Membicarakan sejarah Nusantara (Indonesia) di awal abad 14, sulit rasanya menghindar dari kisah penjelajahan yang dilakukan seorang muslim Cina—Cheng Ho. Cheng Ho dikenal pula dengan sebutan: Zheng He, San Bao, Ma He, dan Sam Po Kong, lahir di Kunyang, Provinsi Yunnan, Cina pada tahun 1371.

Syahdan pada 1398 M Kaisar pertama Dinasti Ming, Zhu Yuanzhang mangkat. Zhu Yunwen, cucu Zhu Yuanzhang naik tahta, karena putra mahkotanya, Zhu Biao mati muda. Kebijakan Kaisar muda Zhu Yunwen banyak menuai ketidakpuasan. Hal ini memicu Zhu Di melakukan kudeta militer. Kudeta berlangsung lebih dari 3 tahun, Zhu Di berhasil menduduki Nanjing, dan naik tahta menggantikan Zhu Yunwen.

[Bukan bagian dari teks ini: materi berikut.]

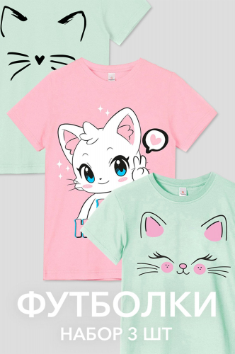 Набор детских футболок для девочек 3 штуки выполнен из дышащего 100% хлопка – отличное решение для жарких дней. Прямой крой, мягкая горловина и аккуратные плоские швы – эти футболки для детей будут комфортны в любой ситуации! Летние футболки представлены в пастельных цветах и украшены рисунками Котики и надписью.

Sejak pertempuran pertama (tahun 1399, ketika Ma He berusia 28 tahun), hingga berhasil menggulingkan kekuasaan Zhu Yunwen (1402), Ma He selalu mendampingi Zhu Di, bertempur dengan kegigihan dan keberanian yang membuat lawan gentar. Kaisar Zhu Di menghargai keberanian dan kejeniusan strategi perang Ma He, dengan menganugrah-kan nama marga Cheng. Kemudian nama He diganti dengan Ho. Sejak itu Ma He diganti menjadi Cheng Ho. Penganugrahan nama ini terjadi pada tanggal 1 Januari Imlek tahun Yong Le ke-2 (1404M).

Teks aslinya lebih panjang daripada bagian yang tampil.